I have been trying to come up with a name for my yard haunt. Every year it gets a little bigger and I think it finally deserves some sort of name. I was hoping all the creative minds on here might be able to help. So..a little background on possible things.....I live on ELM Court (not really a Freddie fan but just thought I would throw the street name in). The area of town I live in is called the Highlands (last year my invite was to the "Horror in the Highlands"). Also the particular few blocks around me is referred to as Sunnyside...SO...I am completely open to suggestions for any names...doesn't have to conisde with these tidbits...just throwing them out there..

Thanks in advance!

Whsipers...

A few pics added from last year...


----------



## jdubbya (Nov 6, 2005)

Highlands Horror
Elm Court Manor
Terror on Elm Court


----------



## Joiseygal (Sep 3, 2008)

I am also trying to find a name for my haunt, but since I posted it on this site I think I finally have a name.  I'm sure names people post will help you figure out what name you want.
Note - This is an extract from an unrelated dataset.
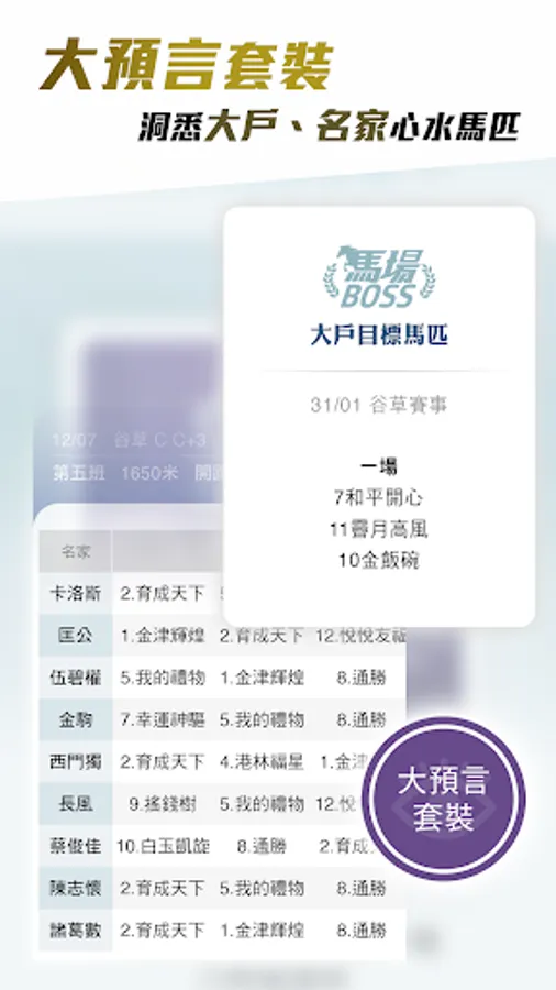 Racecourse Boss provides users with horse racing information, allowing you to keep abreast of the hottest news inside and outside the racecourse. Racecourse Boss uses accurate data to predict the chances of horses winning in each race, and cooperates with personal experience to help you strategize. Users can choose the secretary of the racecourse Boss according to their personal preferences to grasp the latest information about the racecourse.

I love the name Horror in the Highlands. If I think of a name I will post it. Anyway great display last year!


----------



## Dark Angel 27 (Sep 11, 2008)

sunny side cemetary....lol.


----------



## Spooky1 (Aug 25, 2008)

Haunted Highlands


----------



## Wyatt Furr (Jun 5, 2006)

Dark Elms


----------



## shar (Jun 19, 2010)

Knott nightmare on elm street


----------